*** Begin section ***
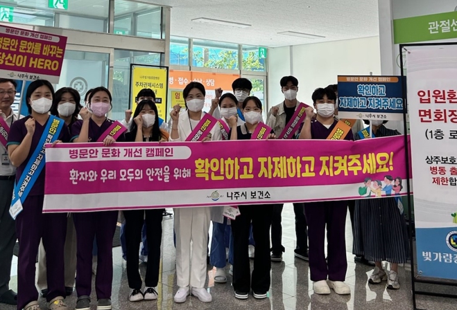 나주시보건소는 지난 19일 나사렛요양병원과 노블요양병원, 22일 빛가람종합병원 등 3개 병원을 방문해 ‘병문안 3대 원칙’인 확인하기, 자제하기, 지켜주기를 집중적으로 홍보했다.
*** End section ***
*** Begin section ***
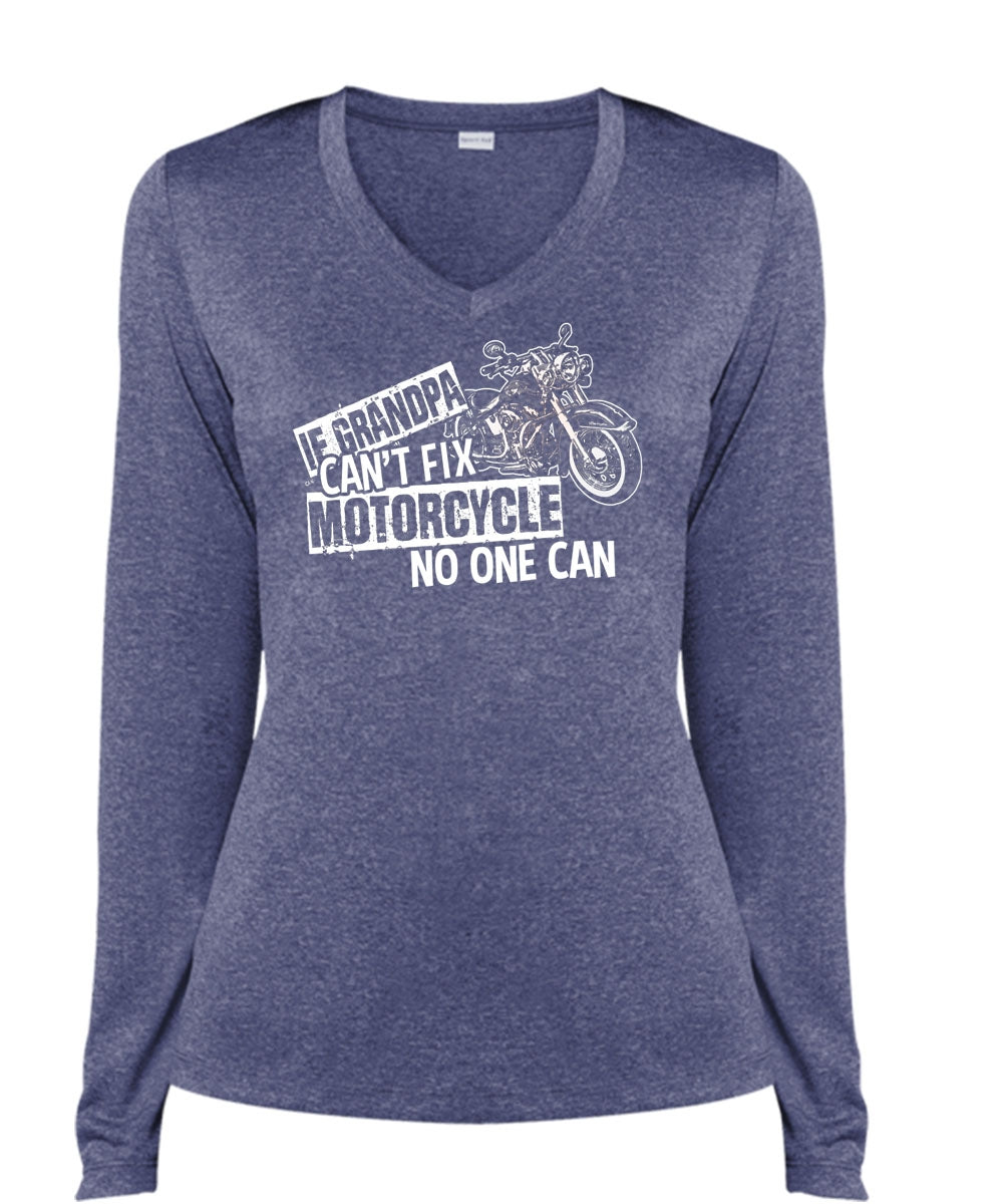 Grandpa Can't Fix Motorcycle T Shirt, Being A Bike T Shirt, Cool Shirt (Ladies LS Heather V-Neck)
*** End section ***
*** Begin section ***
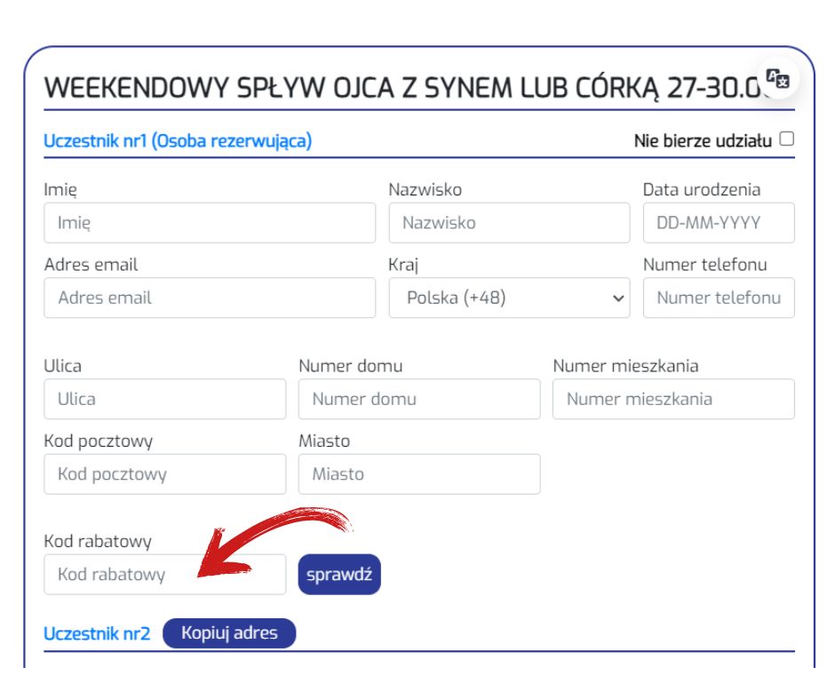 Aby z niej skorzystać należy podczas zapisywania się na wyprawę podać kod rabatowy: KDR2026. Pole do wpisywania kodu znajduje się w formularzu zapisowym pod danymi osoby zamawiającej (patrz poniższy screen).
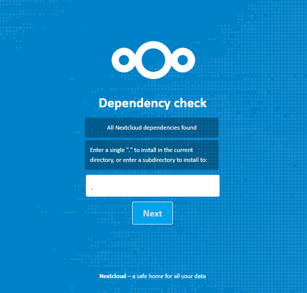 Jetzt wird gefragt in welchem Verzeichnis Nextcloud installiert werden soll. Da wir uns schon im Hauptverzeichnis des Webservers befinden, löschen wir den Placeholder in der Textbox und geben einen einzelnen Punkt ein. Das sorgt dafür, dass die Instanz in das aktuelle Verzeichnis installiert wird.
*** End section ***
Brief — Among the entries above, copy exactly the stretch from the line holding "Aby z niej skorzystać" through the line holding "Jetzt wird gefragt", leaving out any pictures.

Exercise answer —
 Aby z niej skorzystać należy podczas zapisywania się na wyprawę podać kod rabatowy: KDR2026. Pole do wpisywania kodu znajduje się w formularzu zapisowym pod danymi osoby zamawiającej (patrz poniższy screen).
 Jetzt wird gefragt in welchem Verzeichnis Nextcloud installiert werden soll. Da wir uns schon im Hauptverzeichnis des Webservers befinden, löschen wir den Placeholder in der Textbox und geben einen einzelnen Punkt ein. Das sorgt dafür, dass die Instanz in das aktuelle Verzeichnis installiert wird.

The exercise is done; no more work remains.